Presented by The Hypocrites
Directed and Adapted by Sean Graney
Adapted from the play by William Shakespeare
Welcome back dear readers! I am reporting to you from day two of Dani’s Grand Bardopalooza Adventure: 2K14. Over three days, I will attend and review three different American Shakespeare remixes. Tonight’s Oreo filling show: 12 Nights presented by The Hypocrites at Club Oberon. Stop back later this week to catch the stunning conclusion of this Epic Shakes-Series.
(Cambridge) Watch out, Boston; The Hypocrites are back in town.
After their stunning production of The Pirates of Penzance (first performed at Oberon in June 2012, then again on the A.R.T. main stage this past May), I had high expectations for 12 Nights. The Hypocrites excel at high-octane performance which engages and illuminates for audiences who might otherwise have given this style of theatre a miss. As such, I thought that Shakespeare was a perfect fit for this Chicago-based company. What better way to interest people in the Bard than to introduce them at a Hypocritical party.
On that front, 12 Nights did not disappoint. It had hallmark Hypocrites panache: bright colors, whacky yet mundane costumes, and unexpected eighties music abounded. As did simple yet immersive sets; a layer of AstroTurf, a Frigidaire, and a few lawn gnomes were all that four actors needed to bring Shakespeare’s story to life.
And my oh my did they engage with liveliness. Never during the show’s eighty minutes did I once doubt that these actors were having fun. While it took some doing to warm the audience to their whacky antics, I think I’ll (mostly) blame this on the snowstorm which raged outside rather than any fault of the artistic team.

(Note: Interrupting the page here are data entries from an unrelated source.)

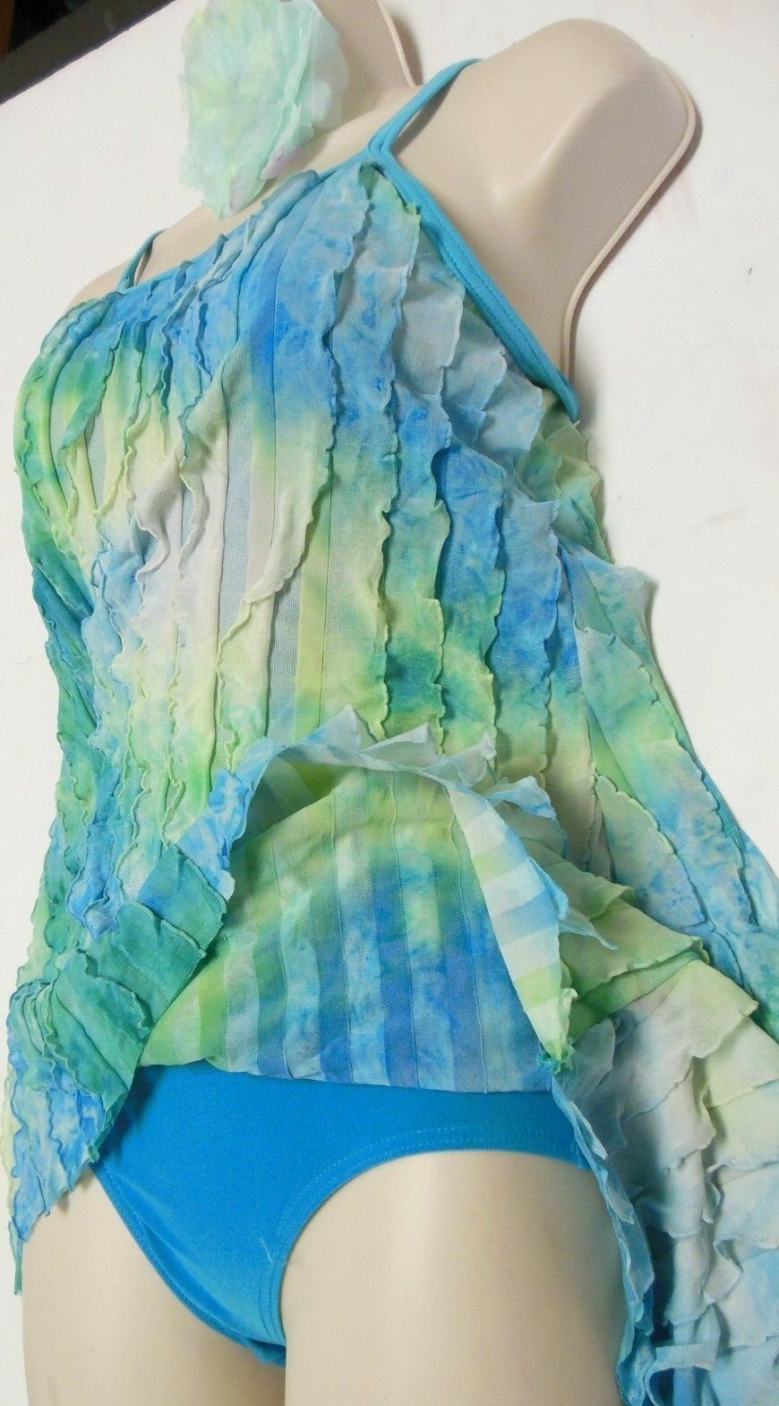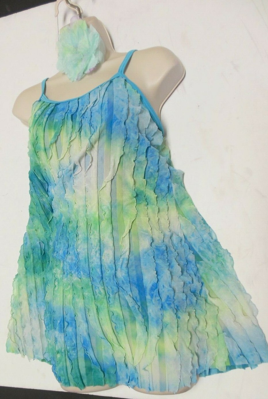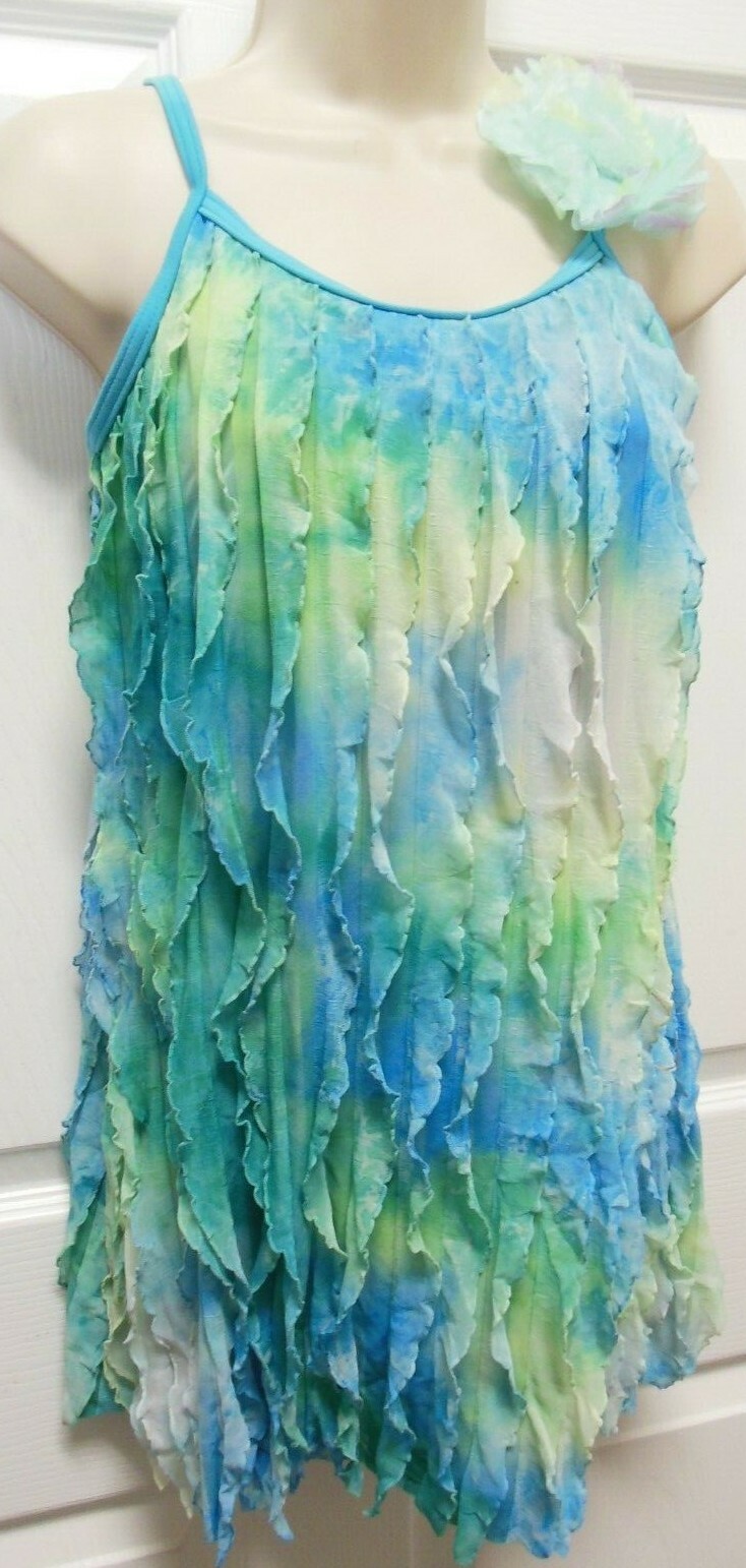 Pleated Ruffled Cami lyrical dance costume tiedye leotard underneath ladies szs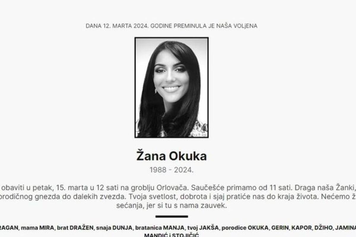 - Sahrana Žane Okuke će se obaviti u petak, 15. marta u 12 časova na groblju Orlovača. Saučešće primamo od 11 sati. Draga naša Žanki, prerano si otišla od porodičnog gnezda, do dalekih zvezda. Tvoja svetlost, dobrota i sjaj, pretiće nas do kraja života. Nećemo živeti od sećanja, jer si tu s nama zauvek - pisalo je u umrilici.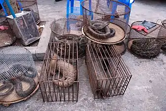 Due to unhygienic sanitation standards and the connection to the spread of zoonoses and pandemics, critics have grouped live animal markets together with factory farming as major health hazards in China and across the world.[28][29][30][31] In March and April 2020, some reports have said that wildlife markets in Asia,[32][33][34] Africa,[35][36][37] and in general all over the world are prone to health risks.[38]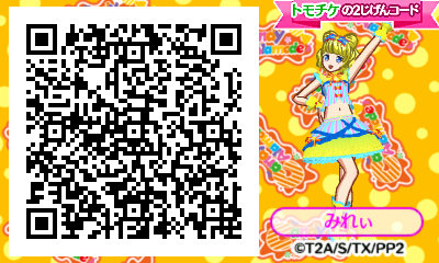 17年12月29日発売の「ちゃお 2月号」に2じげんコードがのっているよ!この2じげんコードをよみとってね! ニンテンドー3ds 12/7更新アイドルタイムプリパラ 夢オールスターライブ! スペシャル2じげんコード情報に関するお詫び プリパラ トモチケ30枚目 お気に入りの衣装をすぐ使いたい場合はきらきらマイ☆デザインのQRコードを持って行くのがお勧めです。 Q:着せ替えに友達から借りた衣装は使える? A:3rdから一部使えるようになりました。 プリパラ トモチケ34枚目 自分でqrコードを作るにはプリズムメモリーパスを使用してお店に有るプリティーリズムのゲーム機でプレイする必要が有ります。 詳しくはきらきらマイ☆デザインのサイトへどうぞ!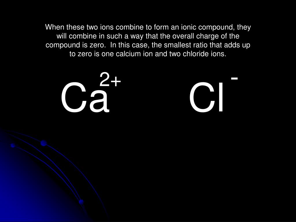 When these two ions combine to form an ionic compound, they will combine in such a way that the overall charge of the compound is zero. In this case, the smallest ratio that adds up to zero is one calcium ion and two chloride ions. - 2+ Ca Cl

My single qualm with the show may seem like an odd one for a self-touting Shakespearean purist: they should have ditched the verse. While the Hypocrites did include some scraps of Shakespeare’s language in their performance, these proved more distracting than anything else. The famous speeches were left mostly intact (the willow cabin speech, the ring speech, Antonio’s heartfelt berating of Cesario upon being captured by Orsino’s guard), but the rest of the text was reassigned willy-nilly, moved, cut, ignored, and otherwise indiscriminately butchered. The adapter made up a fair amount of material to cover either known plot holes or ones created by the adaptation, and utilized his agency in script-writing to magically wave a wand over some of the more fraught issues this play presents in order to make them vanish into the top hat of adaptation.
Which is not to say that I wasn’t a fan of the adaptation (far from it). In fact, the most vibrant work I saw onstage was when the Hypocrites performed purely from their script rather than attempt adherence to Shakespeare’s text out of some sense of duty or obligation. In my opinion, if you’re going to adapt so freely (and so well), why not cut the ties altogether? You’ll have more time in your production to do what you’re good at, and you’ll confuse your audience less with jumping back and forth from Early Modern English to Very Modern street slang.
Essentially, the Hypocrites’ attempt at MST12K (see what I did there?) was far more engaging in the context of their performance than the text they were riffing off of. Their extra textual notes worked to tell the story in a fashion that entertained which, at the end of the day, is what all this Shakespeare business is really about anyway.
I would like to bring to bear a solid point of evidence: from my seat in the fishbowl-house, I had a clear view of one particular audience member. This audience member was a girl of perhaps eight or ten years of age attending the performance with her mother and father. And she loved it. She was interested, she laughed at all the jokes, she simply couldn’t get enough of what she was seeing. And when push comes to shove, that’s why we theatre people do what we do. After tonight, that girl will be interested in Shakespeare. That girl will be interested in seeing theatre. That girl might even be interested in making theatre. As far as I’m concerned, The Hypocrites did their job.
I would be remiss if I didn’t mention that, despite the rampant cutting, they included my favorite joke in Shakespeare’s canon (Malvolio. In the letter scene. “If this come into thy hand, revolve”. Any Malvolio worth his salt will perplexedly look up at the audience before taking a 360, thus requiring the gullers to scamper in an attempt to hide behind his back the whole time. Physical comedy GOLD.) I would also be remiss if I didn’t pay homage to the dozens of seltzer cans that nobly and selflessly gave their lives in the making of this production, valiantly playing the parts of “beer”. Godspeed, fair carbonated beverage, we hardly knew ye.
On the whole, 12 Nights is definitely worth checking out. Especially because it can prepare you for seeing Twelfth Night on the Common this summer.